[Dataset records]

**********

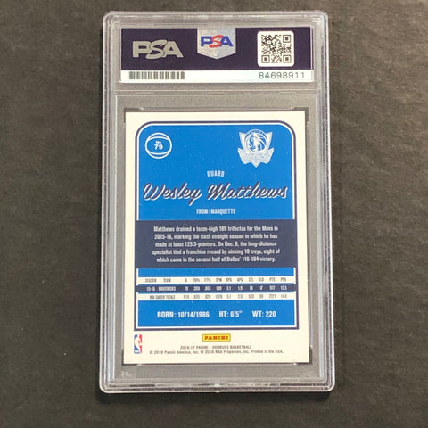 Up for sale is a 2016-17 Donruss #79 card signed by Wesley Matthews. The autograph of Wesley on this card was authenticated by a team of experts at PSA/DNA Authentication Services (PSA/DNA) and encapsulated so you can rest assured you are purchasing the real deal.
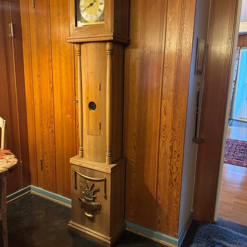 Gulvklokke i tre med utskjæringer
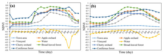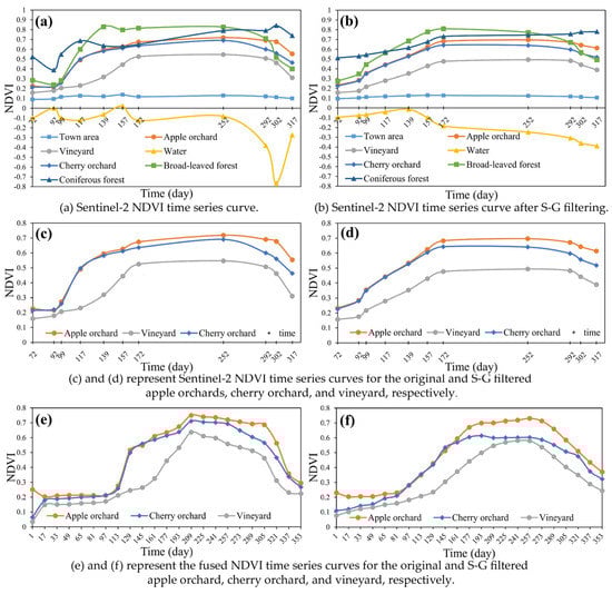 Figure 6 shows the original NDVI time series curves for the seven land cover types before and after filtering. From the figure, it can be seen that the filtered NDVI time-series data maintains good consistency with the original NDVI data. Compared with the original NDVI time-series data, the filtered curve better shows the seasonal variation trend of different land cover types. Regarding the NDVI time series curves of different land cover types, the NDVI values for urban areas and water are relatively low compared to those of vegetation. Apple orchards, cherry orchards, vineyards, and broad-leaved forests have similar NDVI values, with NDVI values first increasing and then gradually decreasing. However, during the growth period of 145 to 193 days, broad-leaved forests higher NDVI values compared to apple orchards and cherry orchards, and vineyards have the lowest. Furthermore, during the maturity period of 209 to 289 days, the NDVI values of apple orchards are always higher than those of cherry orchards. Coniferous forests maintained a high NDVI value throughout the growth cycle, with only slight fluctuations.
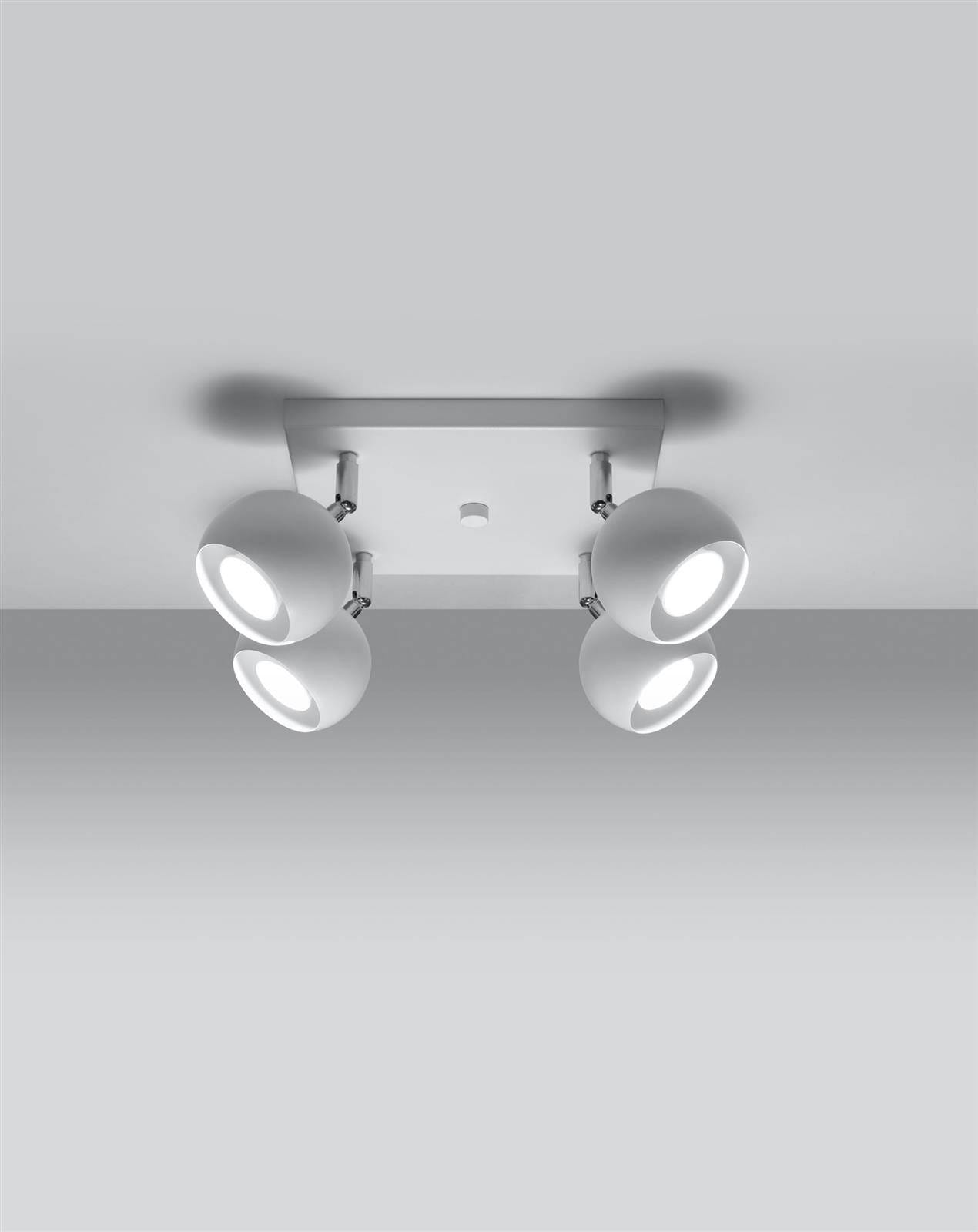 Lampa sufitowa biała regulowana 4xGU10 OCULARE 4 - połączenie minimalistycznego designu z najwyższą funkcjonalnością. Lampa sufitowa posiada regulowane przeguby, doskonale odnajdzie się w loftach oraz przestrzeniach urządzonych w stylach minimalistycznym oraz industrialnym. Lampa sufitowa do salonu, biała lampa do kuchni, lampa do przedpokoju. To propozycja również do ultranowoczesnych pokoi i salonów bądź przestrzeni biurowych, charakteryzujących się stonowaną kolorystyką i eleganckimi dodatkami.
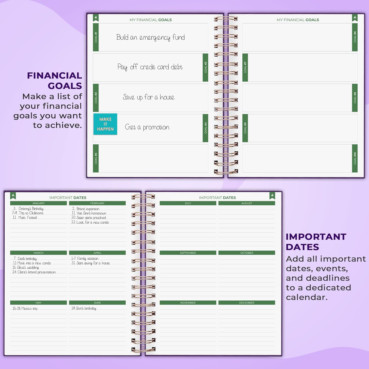 - FIND THE BEST WAY TO ACHIEVE YOUR FINANCIAL GOALS –The finance planner guides you in developing a solid financial strategy, breaking down ambitious goals into manageable monthly tasks, and reflecting on your monthly progress to keep getting better.

**********

Problem requirements:
Should there be pictures in the data, leave them out and return the rest exactly.

Response box:
 Up for sale is a 2016-17 Donruss #79 card signed by Wesley Matthews. The autograph of Wesley on this card was authenticated by a team of experts at PSA/DNA Authentication Services (PSA/DNA) and encapsulated so you can rest assured you are purchasing the real deal.
 Gulvklokke i tre med utskjæringer
 Figure 6 shows the original NDVI time series curves for the seven land cover types before and after filtering. From the figure, it can be seen that the filtered NDVI time-series data maintains good consistency with the original NDVI data. Compared with the original NDVI time-series data, the filtered curve better shows the seasonal variation trend of different land cover types. Regarding the NDVI time series curves of different land cover types, the NDVI values for urban areas and water are relatively low compared to those of vegetation. Apple orchards, cherry orchards, vineyards, and broad-leaved forests have similar NDVI values, with NDVI values first increasing and then gradually decreasing. However, during the growth period of 145 to 193 days, broad-leaved forests higher NDVI values compared to apple orchards and cherry orchards, and vineyards have the lowest. Furthermore, during the maturity period of 209 to 289 days, the NDVI values of apple orchards are always higher than those of cherry orchards. Coniferous forests maintained a high NDVI value throughout the growth cycle, with only slight fluctuations.
 Lampa sufitowa biała regulowana 4xGU10 OCULARE 4 - połączenie minimalistycznego designu z najwyższą funkcjonalnością. Lampa sufitowa posiada regulowane przeguby, doskonale odnajdzie się w loftach oraz przestrzeniach urządzonych w stylach minimalistycznym oraz industrialnym. Lampa sufitowa do salonu, biała lampa do kuchni, lampa do przedpokoju. To propozycja również do ultranowoczesnych pokoi i salonów bądź przestrzeni biurowych, charakteryzujących się stonowaną kolorystyką i eleganckimi dodatkami.
 - FIND THE BEST WAY TO ACHIEVE YOUR FINANCIAL GOALS –The finance planner guides you in developing a solid financial strategy, breaking down ambitious goals into manageable monthly tasks, and reflecting on your monthly progress to keep getting better.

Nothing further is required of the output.